Despite the acrophobia, or fear of heights, the market still
boasts a handful of stocks that have defied the law of averages.
Before we cherry-pick some outperformers, let us have a recap of
the various turn of events.
The Driving Factors
The spurt in various indices is primarily attributable to the
Federal Reserve's economic stimulus that is centered on an $85
billion monthly bond repurchase program to spur growth. Although
Fed initially fueled speculations of a partial withdrawal of the
economic stimulus, or QE3 tapering, in September, it eventually
backed off citing several macroeconomic headwinds, including high
unemployment rate, low inflation, rising mortgage rates and a
Both current Fed Chairman Ben Bernanke and Chair successor Janet
Yellen have vouched to continue the stimulus and near-zero
interest rates until at least the economy improves to an optimal
level. The latest minutes from the FOMC meeting noted that the
economic data will "prove consistent with the committee's outlook
for ongoing improvement in labor market conditions and would thus
warrant trimming the pact of purchases in coming months."
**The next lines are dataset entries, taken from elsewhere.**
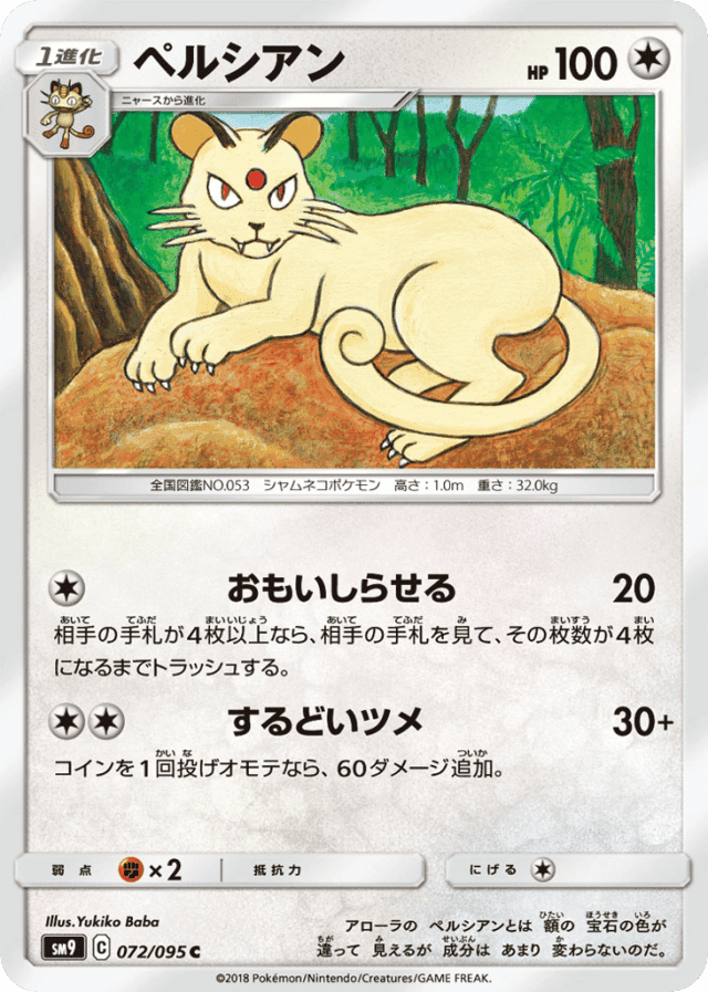 アローラの ペルシアンとは 額の 宝石の色が 違って 見えるが 成分は あまり 変わらないのだ。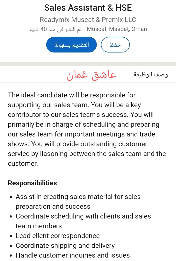 شركة Readymix Muscat – وظيفة شاغرة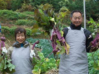 赤蕪を畑から抜きました。 |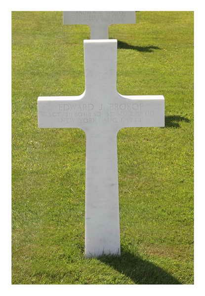 Edward J. Prokop attended Brooklyn Technical High School.He enlisted in New York City, New York on 20 February 1943 two weeks after graduation. He was sent overseas early in the summer of 1944, arriving in England on 11 June 1944.

As the Fed deferred its decision of tapering, equity markets kept
hitting record highs buoyed by strong quarterly earnings by
majority of the S&P 500 companies. Statistics reveal that the
third quarter earnings season had been probably the best so far
in 2013. Total earnings for the 460 S&P 500 companies that
have reported results till the morning of Nov 14 are up 4.8%
compared with the year-ago period.
About 65.2% of these companies have outpaced earnings
expectations with a median surprise of +2.5%. Furthermore, total
reported revenue are up 3.0% as 42.2% of these companies beat
revenue expectations with a median surprise of +0.1%.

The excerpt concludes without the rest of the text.